Two straight seasons have ended with career-threatening injuries for Brian Gionta, as both of his biceps have torn, as unlikely an injury to repeat as there is. The tear in 2011-12 was worse than the one from last season's playoffs, but the surgery did put him at risk for not starting the season. That risk has been put aside, but there's always the bigger risk that cumulative injuries could slow Gionta down, as they seem to have done to Travis Moen.
Last season Gionta recovered well from surgery, scoring 14 goals in the shortened season, good for third on the Canadiens. Gionta did this while playing tough minutes with Plekanec, and remains the best defensive winger among the Habs' top-nine forwards.
But Gionta is 34 years old, and he'll be 35 in January. Can we really expect him to continue playing such a vital role on the Habs?

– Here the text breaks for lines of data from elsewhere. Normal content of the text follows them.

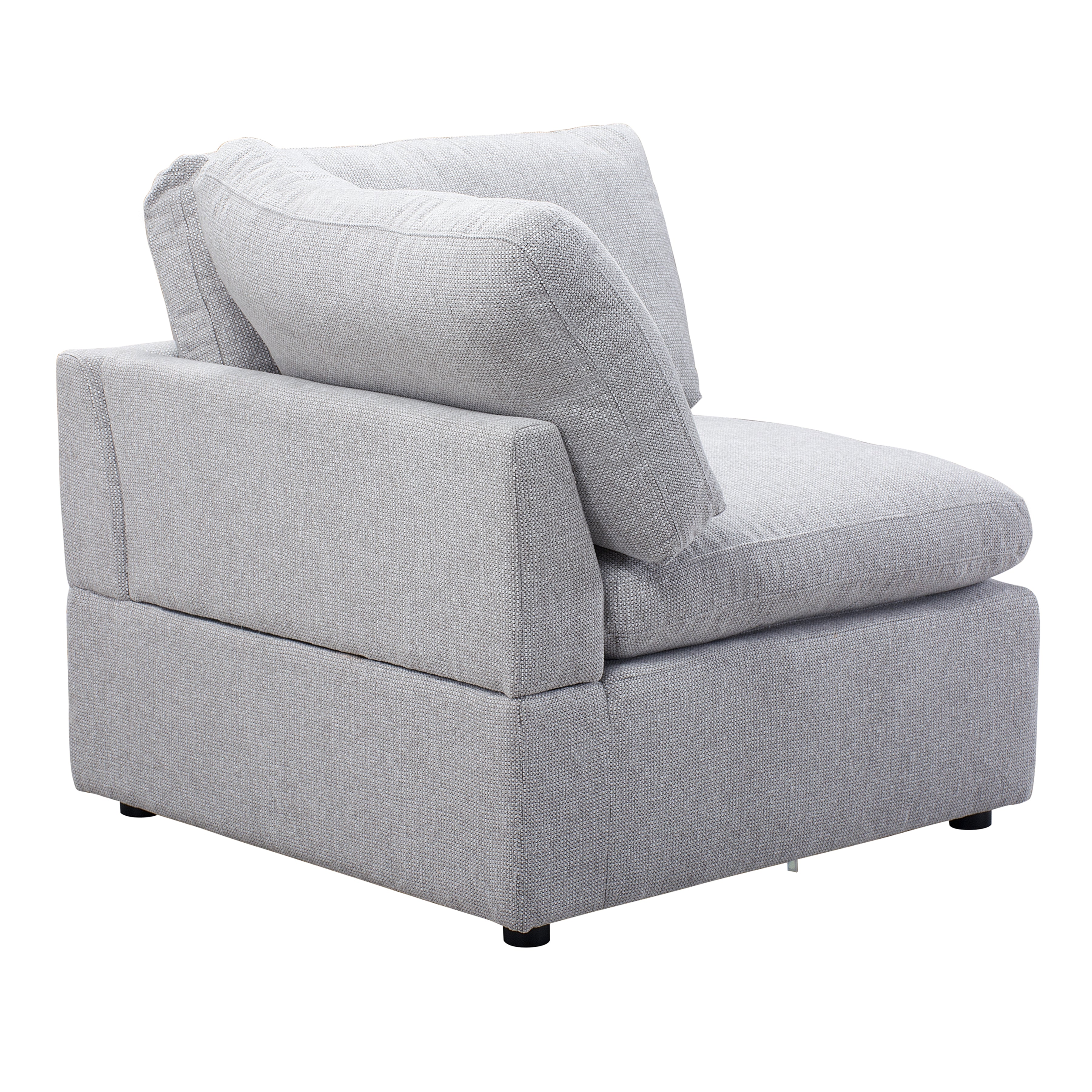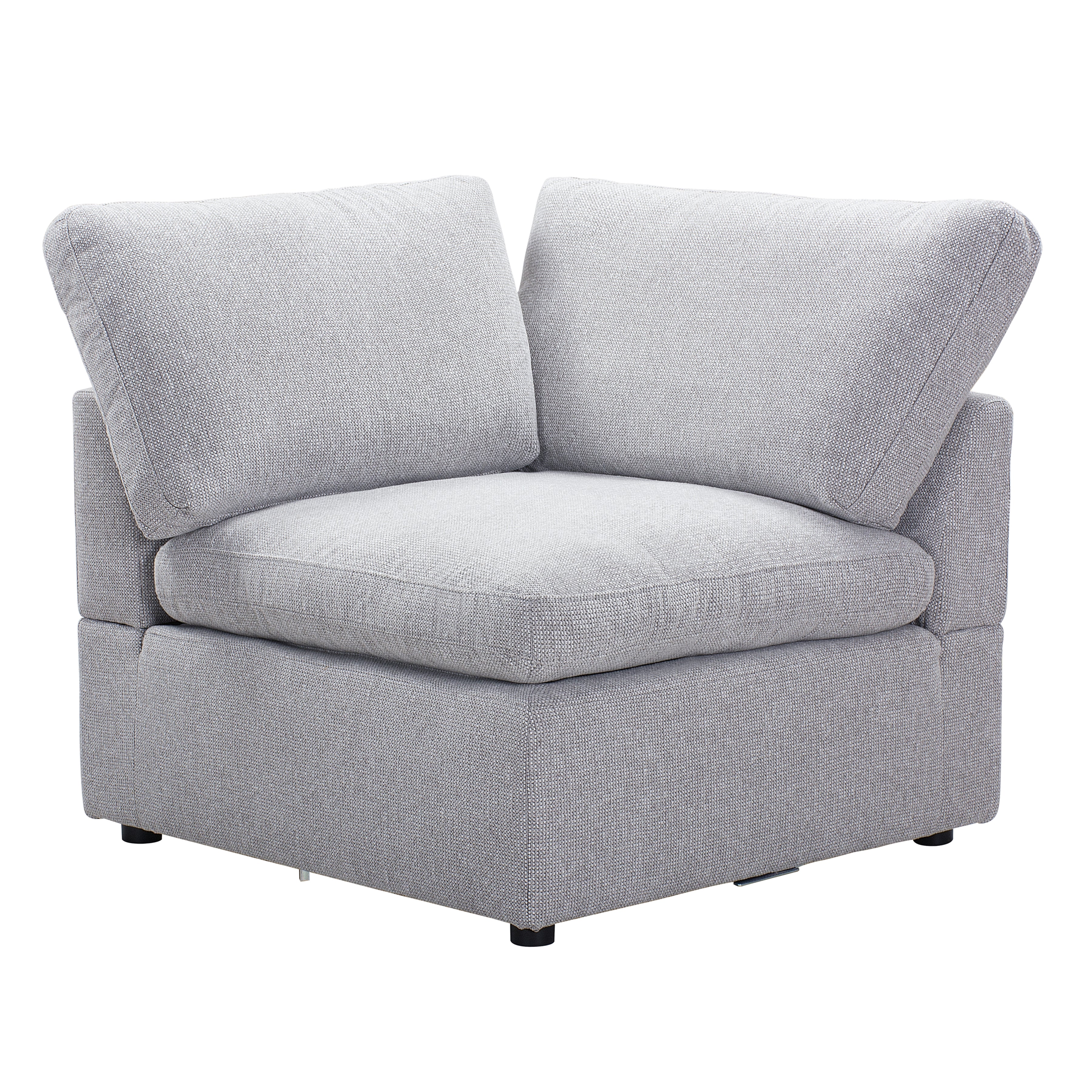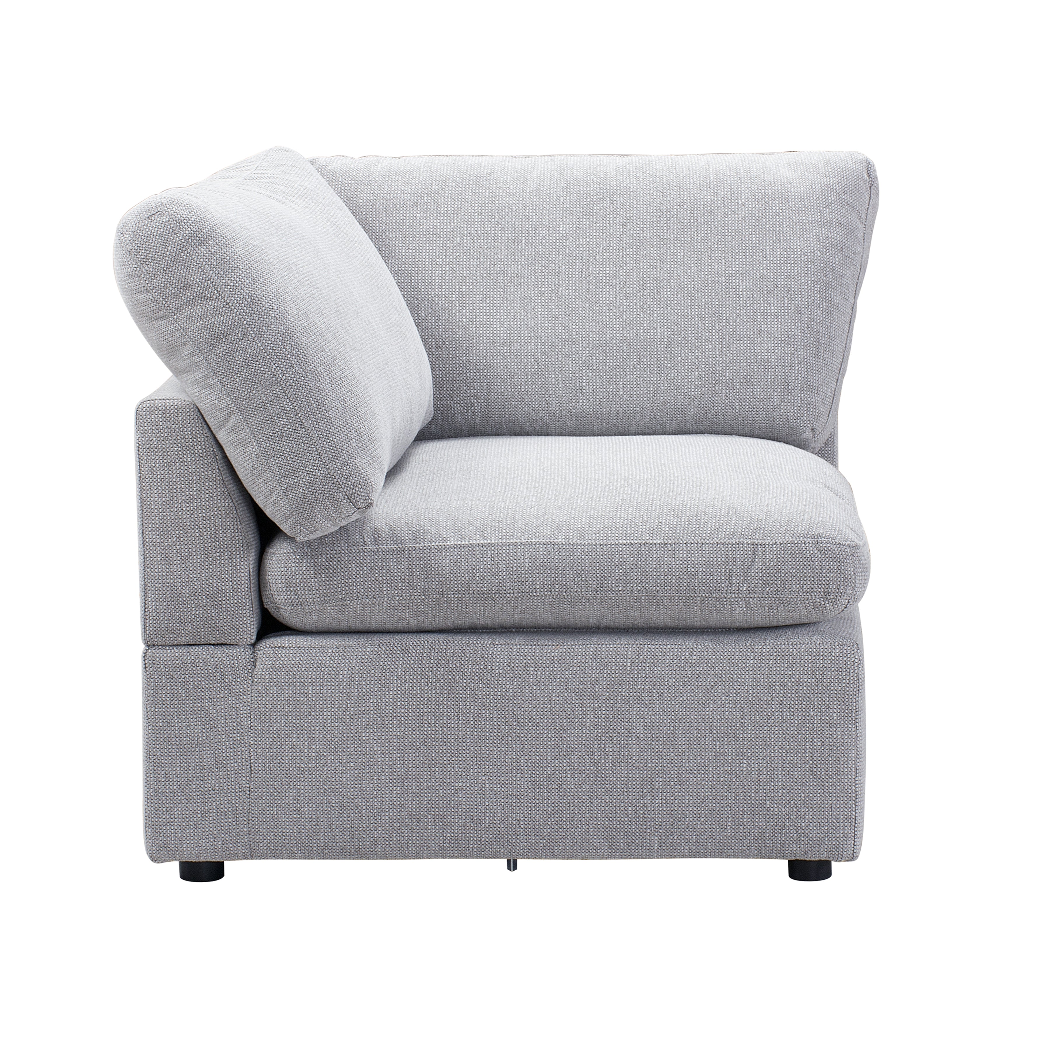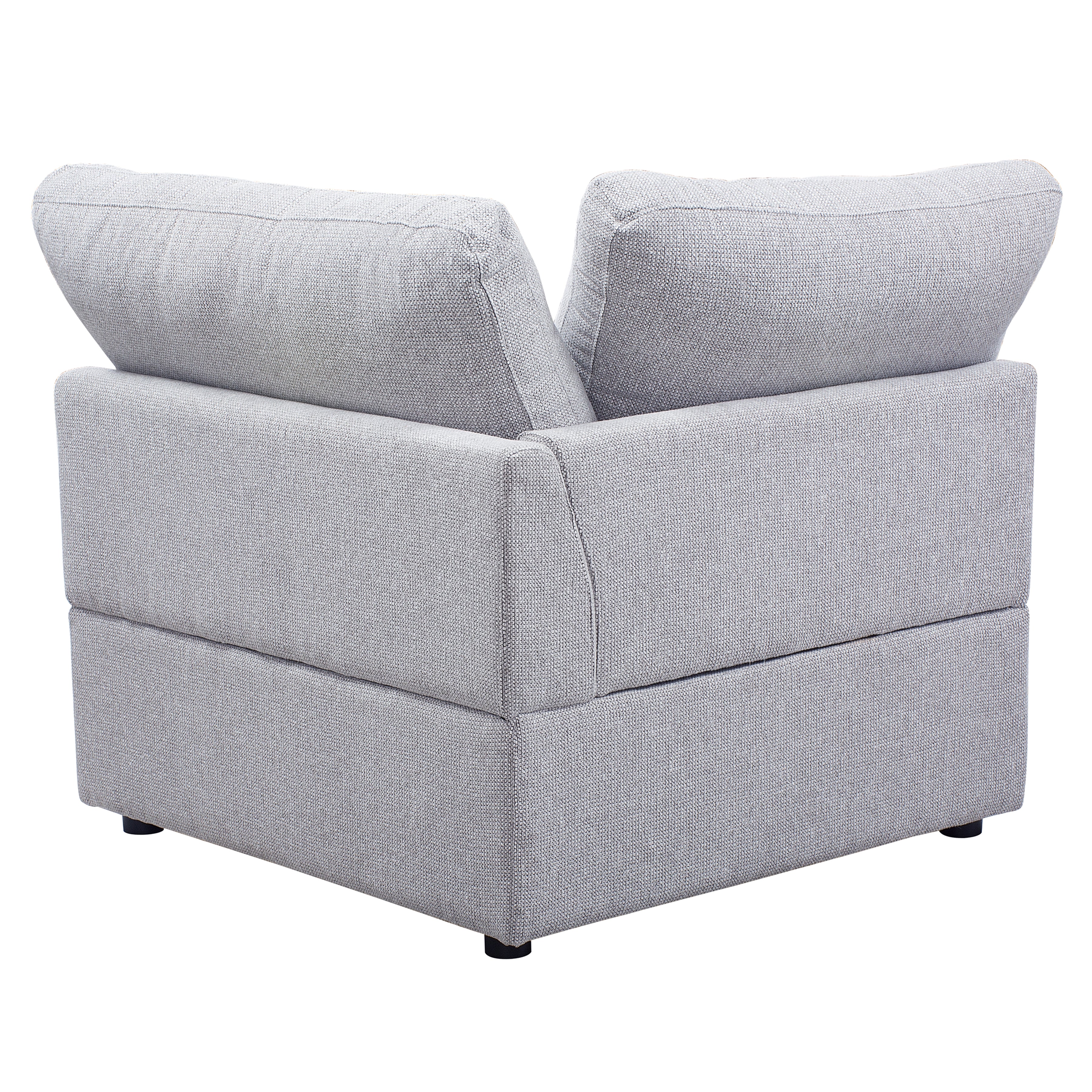 The Momento Corner Chair opens up new possibilities for your modular seating. Generous cushions with layered support make it comfortable from any angle, while base tufting keeps the look structured and refined. Upholstered in versatile light grey fabric, it blends seamlessly with the collection and repositions easily as layouts change. With low 2 in. legs and a sturdy build, it’s made to deliver both comfort and flexibility.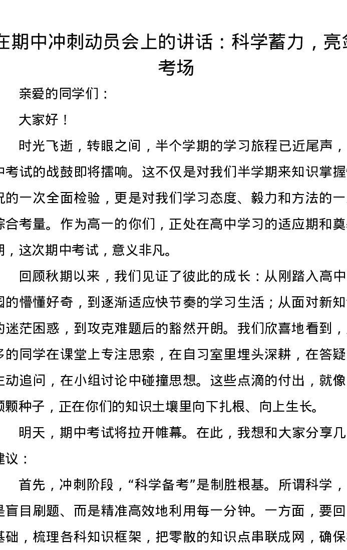 在期中冲刺动员会上的讲话:科学蓄力,亮剑考场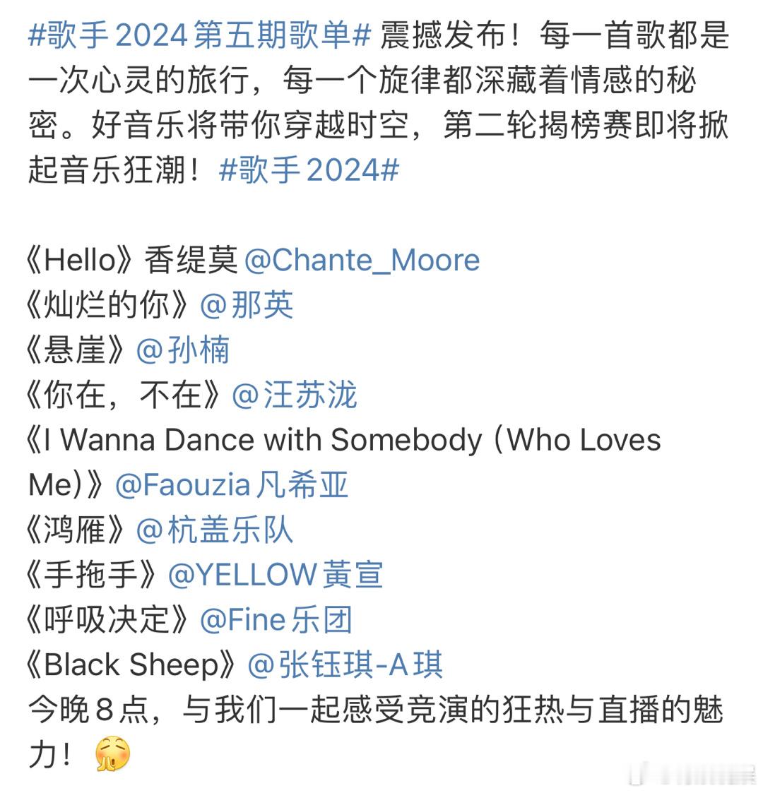 #汪苏泷要预定我的眼泪了# 歌手2024第五期刚刚发布歌单,汪苏泷要唱郭采洁的《你在,不在》,这是要提前预定我的眼泪了吗!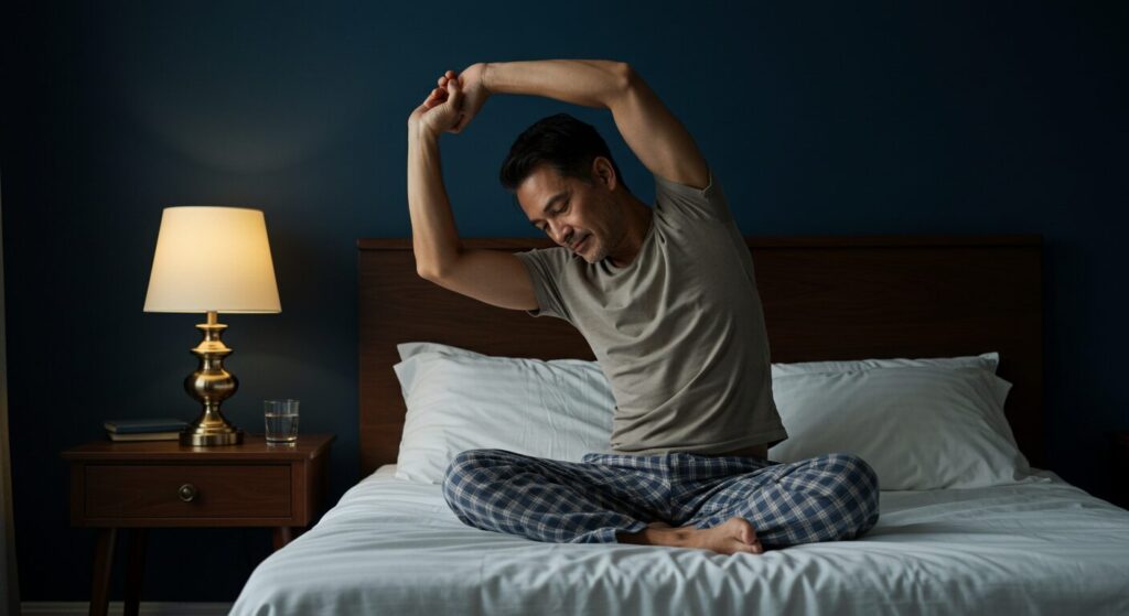寝る2時間ほど前に、ゆっくりと軽いストレッチをすることで、心身がリラックスし、血行が促進されます 。体が温まってから冷えるタイミングで自然な眠気が訪れるので、ぜひ試してみてください 。 - アロマや音楽で「睡眠モード」へ: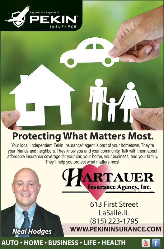 Bayond the expected PEKIN INSURANCE Protecting What Matters Most. Your local, independent Pekin Insurance agent is part of your hometown. They're your friends and neighbors. They know you and your community. Talk with them about affordable insurance coverage tor your car, your home, your business, and your family. They'll help you protect what matters most. HARTAUER Insurance Agency, Inc. 613 First Street LaSalle, IL (815) 223-1795 www.PEKININSURANCE.COM Neal Hodges AUTO HOME BUSINESS LIFE HEALTH f You Bayond the expected PEKIN INSURANCE Protecting What Matters Most. Your local, independent Pekin Insurance agent is part of your hometown. They're your friends and neighbors. They know you and your community. Talk with them about affordable insurance coverage tor your car, your home, your business, and your family. They'll help you protect what matters most. HARTAUER Insurance Agency, Inc. 613 First Street LaSalle, IL (815) 223-1795 www.PEKININSURANCE.COM Neal Hodges AUTO HOME BUSINESS LIFE HEALTH f You
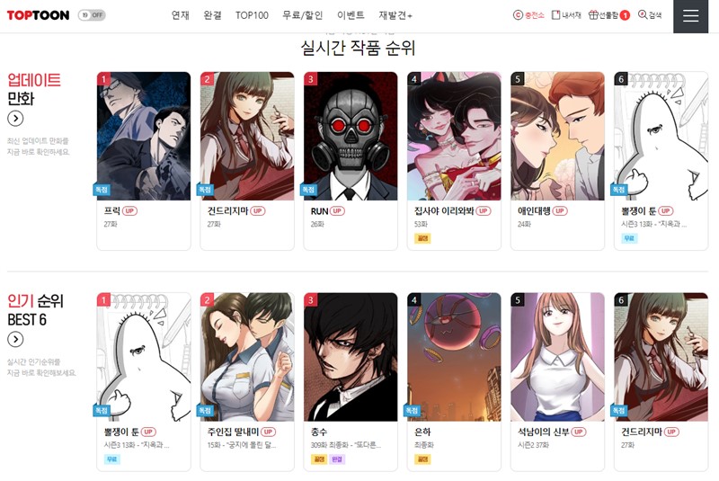여러 만화중에 무료로 볼 수 있는것이 많아서 사용자들이 많이 이용하는곳 중 하나이다.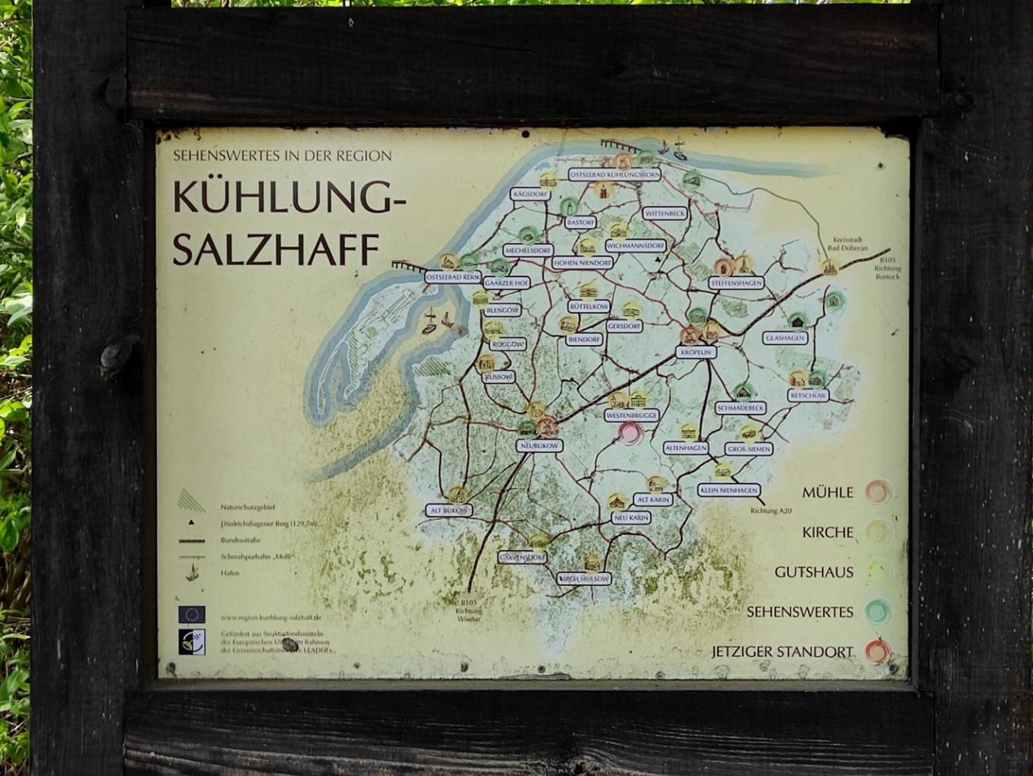 Ostseestrand: Zum flachen Naturstrand der Salzhaffbucht 12 km. Zum breiten Badesandstrand der Ostseebäder Rerik 15 km und Kühlungsborn 21 km.

In the following graph, the blue line is Gionta's even-strength Fenwick percentage from 2007 to 2013, the red line is his team's even-strength Fenwick percentage without him on the ice, and the green line is Gionta's offensive-zone start percentage, giving us insight into his usage and role. All statistics are at even strength, and all are rolling 10-game averages. What this means is that aside from the first 10 points in the graph, every point represents a 10-game sample, giving us a better grasp of trends.
With all that information on one graph, it can look a little messy and be tough to decipher, so I've included trend lines for each statistic. To understand the trend lines, blue turns into black, red turns into yellow, and green turns into purple. The x-axis is simply the games to represent time, and the y-axis is the percentage in decimal form, and the placement of the y-axis is the beginning of the 2013 season.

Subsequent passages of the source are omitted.